(Records from a data collection)
☆ ☆ ☆ ☆

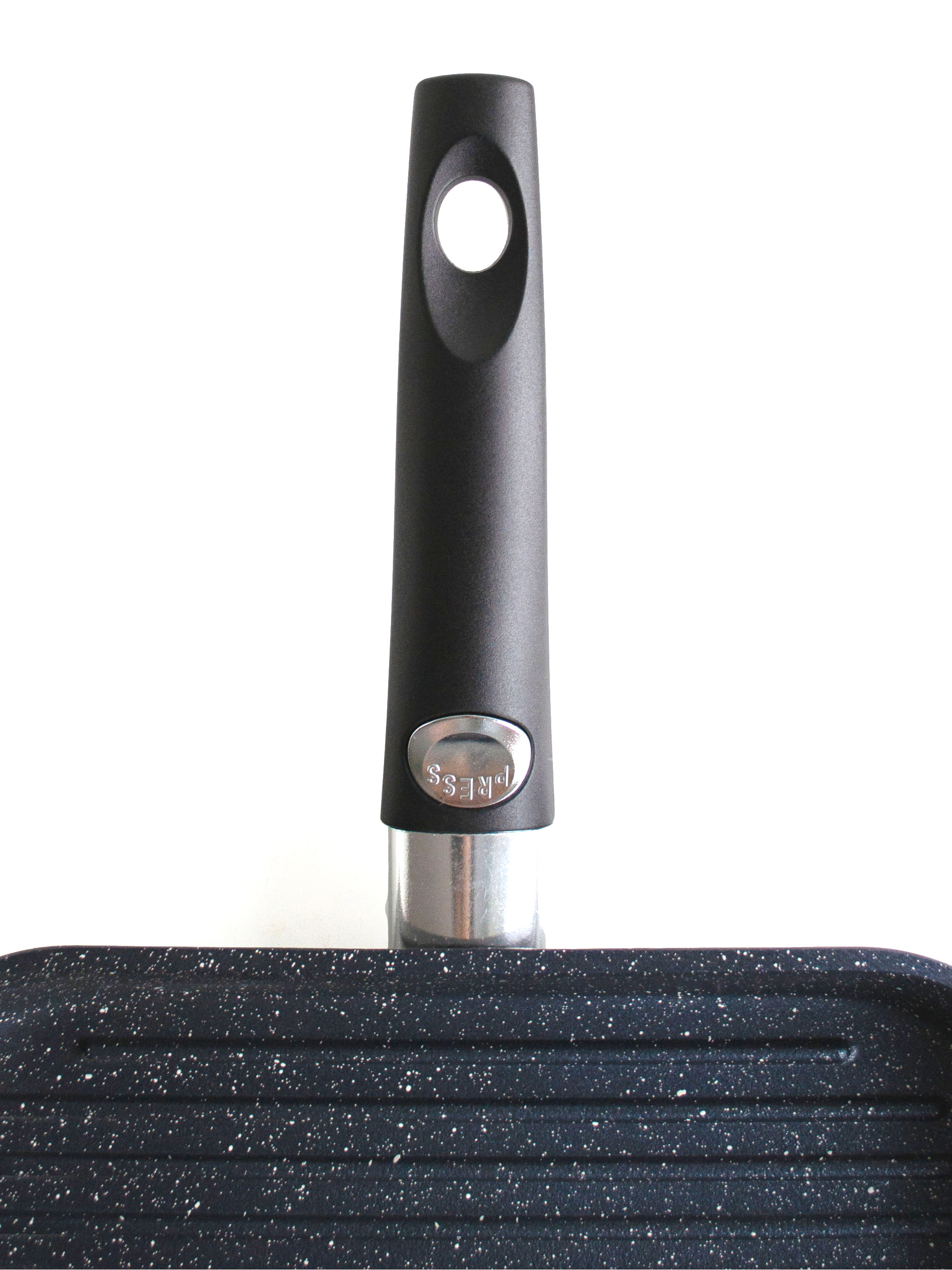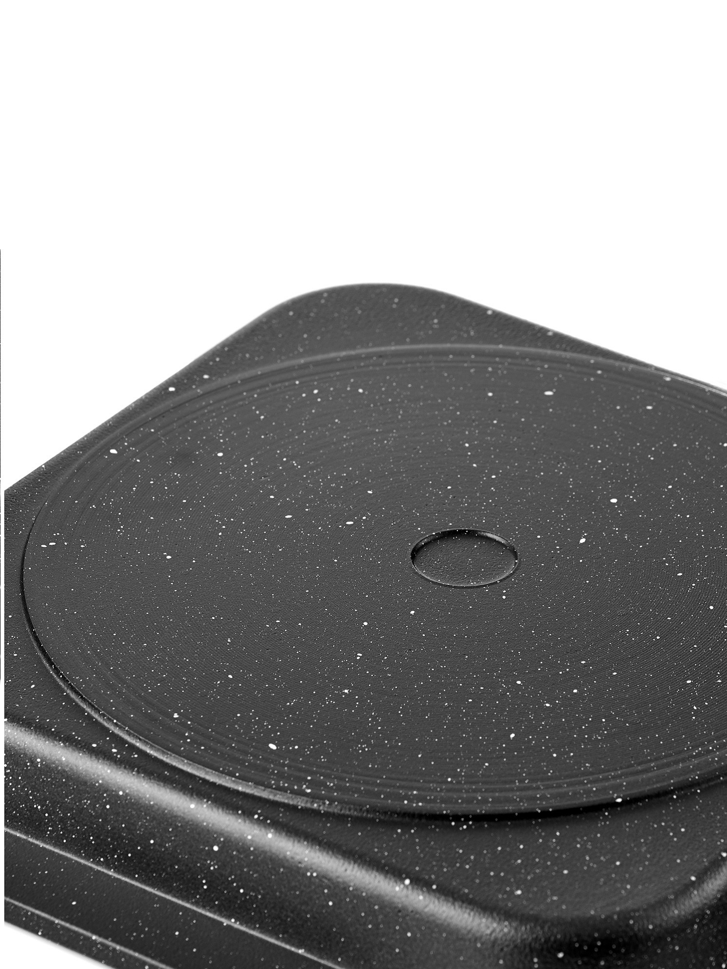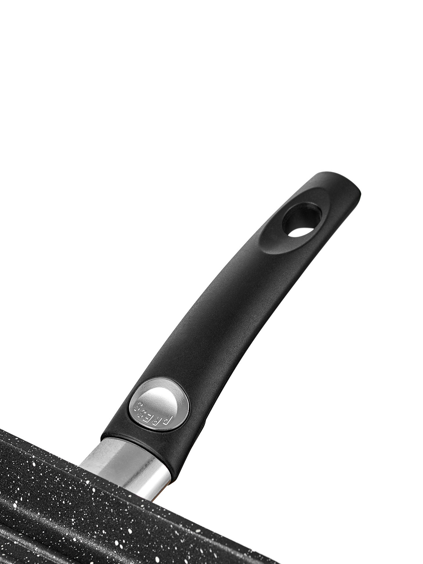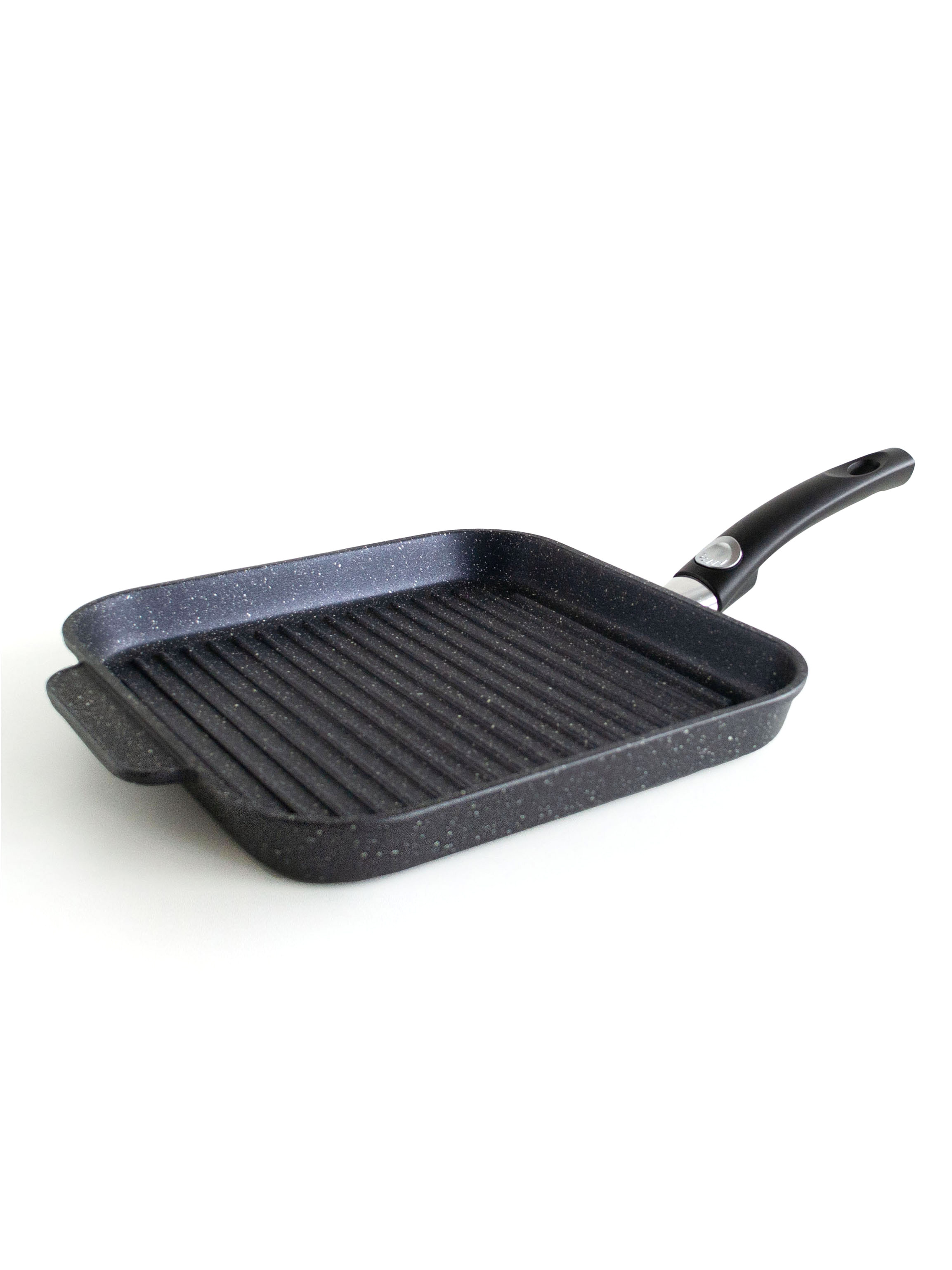 Сковорода-гриль 28см PIETRA квадратной формы изготовлена из литого алюминия, имеет высокие антипригарные свойства, устойчивость к царапинам и истиранию. Вы можете использовать металлические лопатки и другие аксессуары без какого-либо ущерба для покрытия. Качественное антипригарное покрытие Quantanium нанесено в три слоя и не допускает пригорания продуктов, позволяя готовить без масла. Покрытие не содержит PFOA, поэтому безопасно для человека. Сковорода изготовлена из толстостенного алюминия, который быстро раскаляется и долго держит тепло. Массивное дно равномерно распределяет жар по всей поверхности и обеспечивает равномерную прожарку. С наружной стороны сковороды нанесено жаростойкое силиконовое покрытие, предохраняющее стеклокерамическую плиту от повреждений и загрязнений. Съемная ручка Soft Touch не нагревается, не скользит в руке и допускает использование в духовом шкафу. Изделие подходит для газовых, электрических и стеклокерамических плит. Можно мыть в посудомоечной машине.
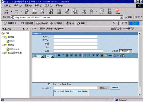 AllyTalk統(tǒng)一消息的電子郵箱具有與Microsoft Exchange或OutLook相同的功能,可以通過(guò)設(shè)定Email服務(wù)的參數(shù),實(shí)現(xiàn)公司內(nèi)部收發(fā)Email,或通過(guò)Email服務(wù)器實(shí)現(xiàn)與Internet的通信;
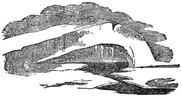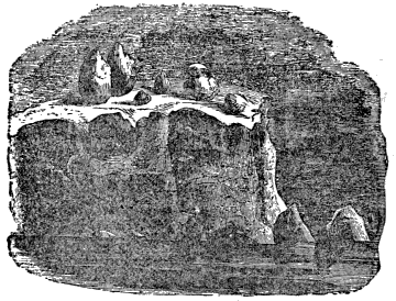 We moved so slowly that I had time to sketch several of these dreamy fabrics. The one which is engraved on the opposite page was an irregular quadrangle, projected at the extremity of a series of ice-structures, like the promontory that ends an isthmus: it was crowned with ramparts turreted by fractures; and at the water-line a great barreled arch went back into a cavern, that « 380 » might have fabled as the haunt of sea-kings or smugglers. Another, much smaller, but still of magnificent size, had been excavated by the waves into a deep grotto; and the light reflected from the bay against its transparent sides and roofs colored them with a blue too superb for imitation by the brush or pencil.
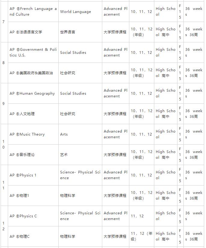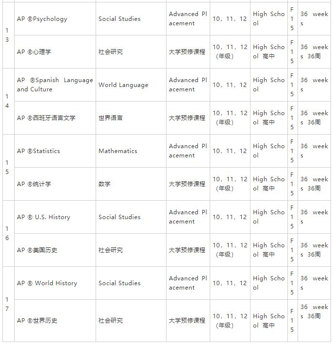 线上AP课程包括:电脑科学、经济、环境科学、欧洲历史、人文地理、音乐理论、心理学、法语语言文学、西班牙语言文学等17门
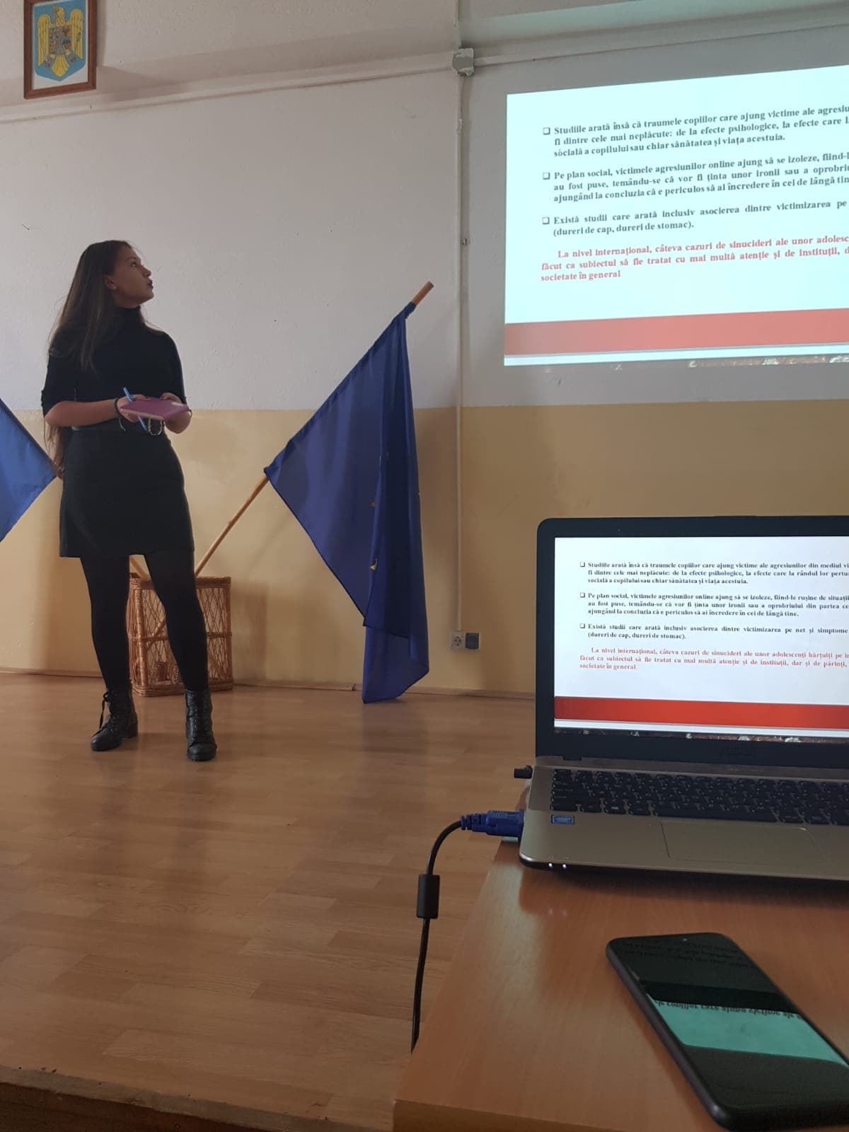 „Ne-au fost alături și reprezentanți ai I.P.J. ARAD, I.J.J. ARAD, D.G.A.S.P.C., C.J.R.A.E., care au luat, de asemenea, cuvântul și le-au explicat elevilor de gimnaziu prezenți diferite aspecte legate de cyberbullying și diferite cazuri cu care s-au confruntat, astfel oferindu-le o viziune cât mai reală asupra lucrurilor”, spun reprezentanții CJE Arad.
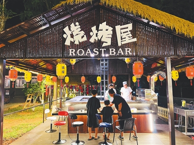 近日,游客在才存共享農莊內的鄉(xiāng)村酒吧街消費 記者 高懿 攝
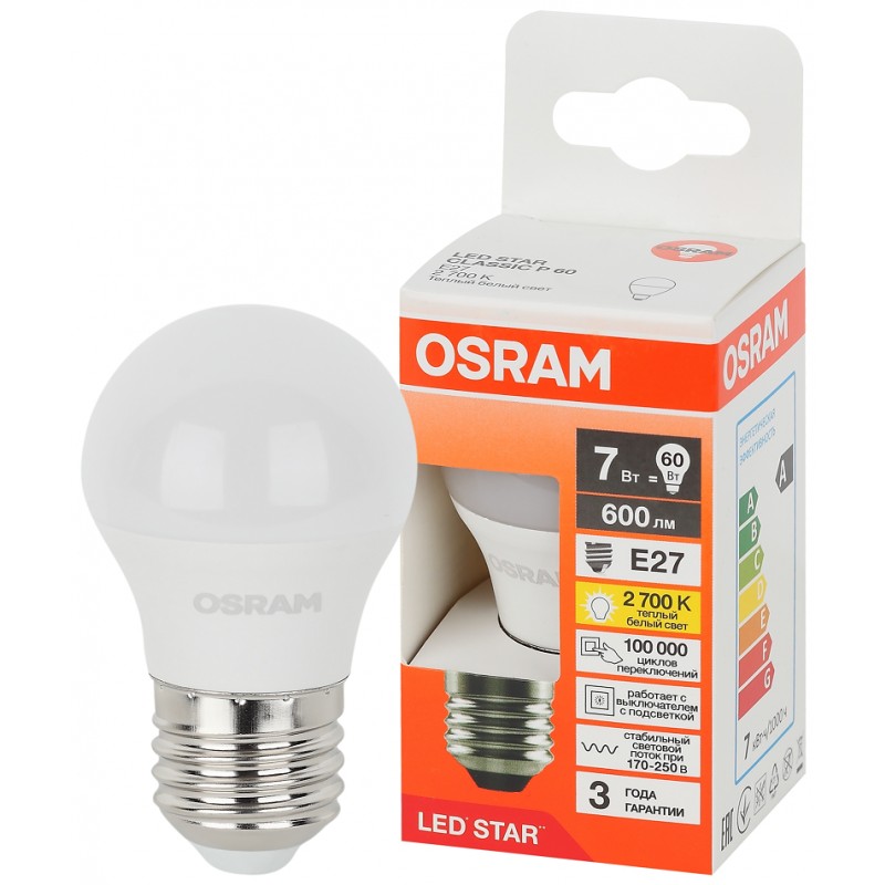 Лампа светодиодная OSRAM LED Star, 600лм, 7Вт (замена 60Вт), 2700К (теплый белый свет). Цоколь E27, колба P, угол пучка 180°. Исполнение колбы матовое, пластик.
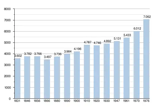 - Sources : INS, Rem. : 1831 jusqu'en 1970 = recensements, 1976 = nombre d'habitants au 31 décembre[4].
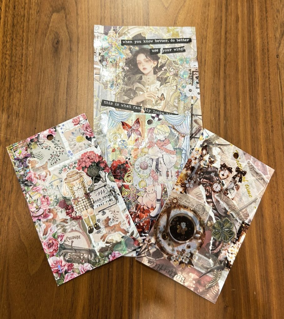お花やアンティークなシールが重ねられていて、とてもかわいいですね☺
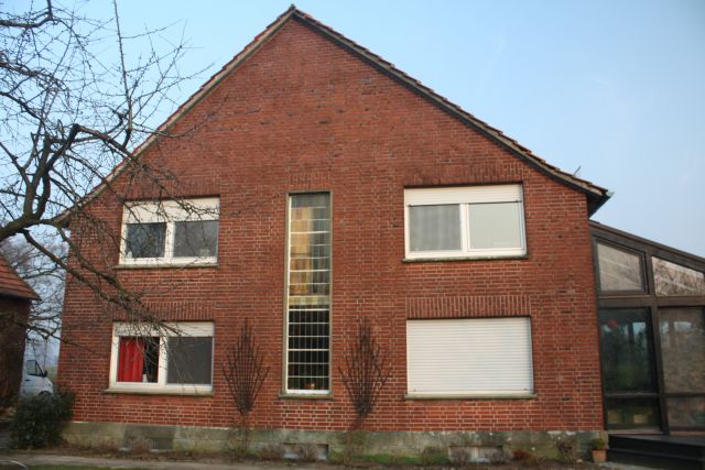 Oelde, Klinkerfassade gedämmt Klinkerfassaden werden durch die Zementfuge; in der T-Fuge nachträglich ausgeblasen. Dieses Wohnhaus in Oelde wurde mit Steinwollflocken isoliert.
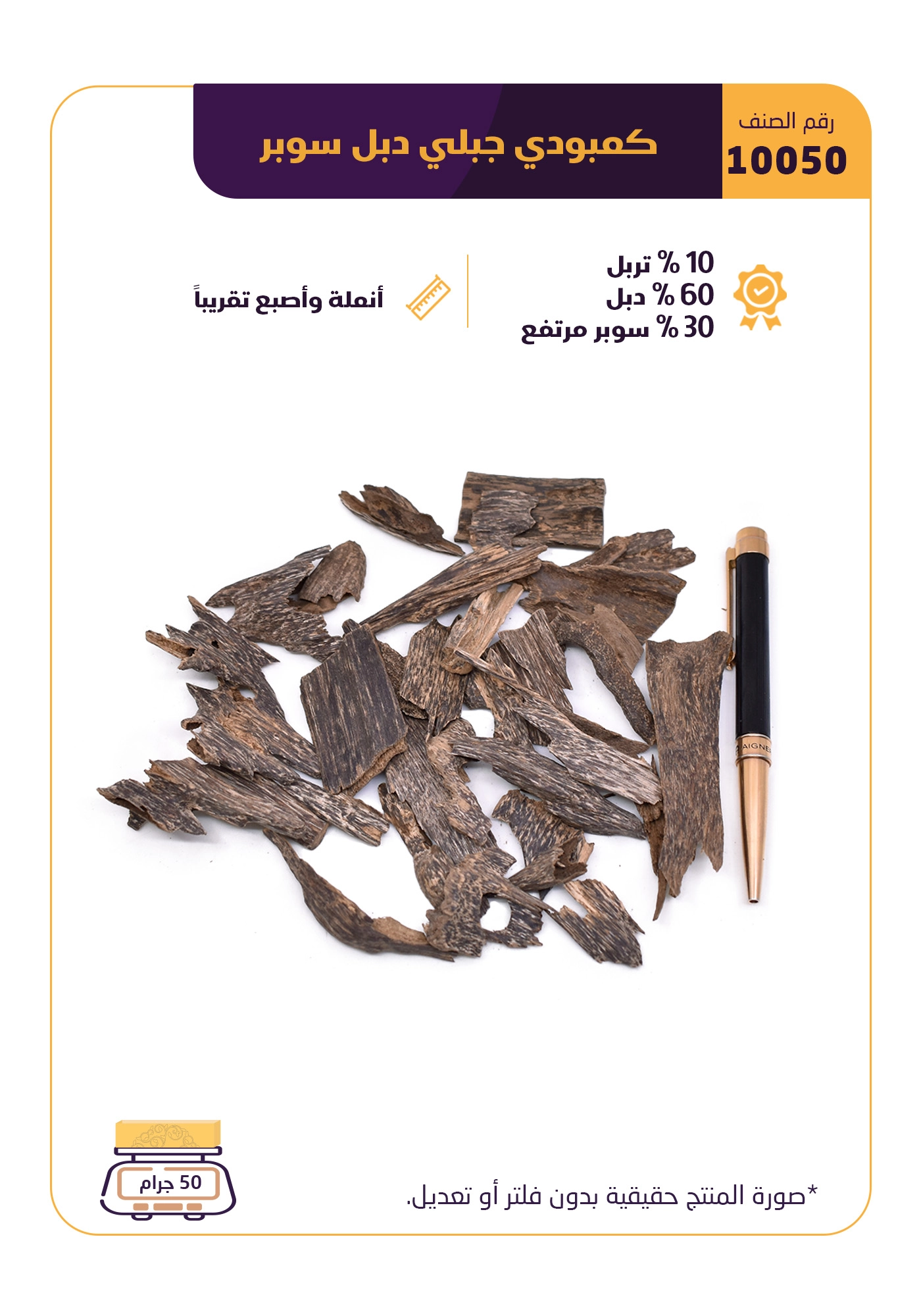 تمتزج فيها نفحات الزعفران الدافئة، فتمنحه طابعًا ملكيًا فاخرًا يأخذك هذا العود في رحلةٍ تتماوج بين برودة العود الكمبودي ورقّة النكهة الزعفرانية، ليترك أثرًا عطريًا آسِرًا يدوم طويلًا،
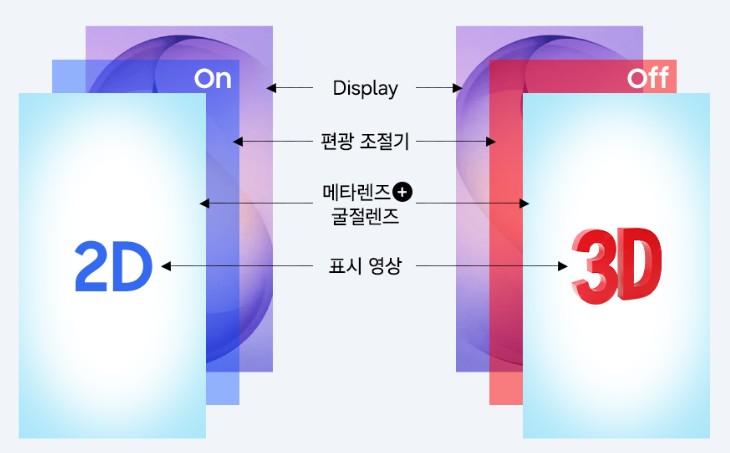 전압이 없을 때는 오목렌즈로 작동해 고해상도 2차원(2D) 화면을 왜곡 없이 보여주다가, 전압이 공급되면 볼록렌즈로 작동하며 기존 기술보다 시야각이 6배 이상 넓은 100도의 ‘초 광시야각’으로 입체 영상을 구현한다. 이를 통해 여러 사람이 다양한 위치에서 동시에 몰입감 넘치는 3차원(3D) 영상을 즐길 수 있게 된 것이다.

☆ ☆ ☆ ☆

## EXERCISE BRIEF
The lines from the one containing "Лампа светодиодная OSRAM" through the last line of the entries are to be copied exactly, both ends included, and the pictures are to be omitted.

## TASK RESPONSE
 Лампа светодиодная OSRAM LED Star, 600лм, 7Вт (замена 60Вт), 2700К (теплый белый свет). Цоколь E27, колба P, угол пучка 180°. Исполнение колбы матовое, пластик.
 - Sources : INS, Rem. : 1831 jusqu'en 1970 = recensements, 1976 = nombre d'habitants au 31 décembre[4].
お花やアンティークなシールが重ねられていて、とてもかわいいですね☺
 Oelde, Klinkerfassade gedämmt Klinkerfassaden werden durch die Zementfuge; in der T-Fuge nachträglich ausgeblasen. Dieses Wohnhaus in Oelde wurde mit Steinwollflocken isoliert.
 تمتزج فيها نفحات الزعفران الدافئة، فتمنحه طابعًا ملكيًا فاخرًا يأخذك هذا العود في رحلةٍ تتماوج بين برودة العود الكمبودي ورقّة النكهة الزعفرانية، ليترك أثرًا عطريًا آسِرًا يدوم طويلًا،
 전압이 없을 때는 오목렌즈로 작동해 고해상도 2차원(2D) 화면을 왜곡 없이 보여주다가, 전압이 공급되면 볼록렌즈로 작동하며 기존 기술보다 시야각이 6배 이상 넓은 100도의 ‘초 광시야각’으로 입체 영상을 구현한다. 이를 통해 여러 사람이 다양한 위치에서 동시에 몰입감 넘치는 3차원(3D) 영상을 즐길 수 있게 된 것이다.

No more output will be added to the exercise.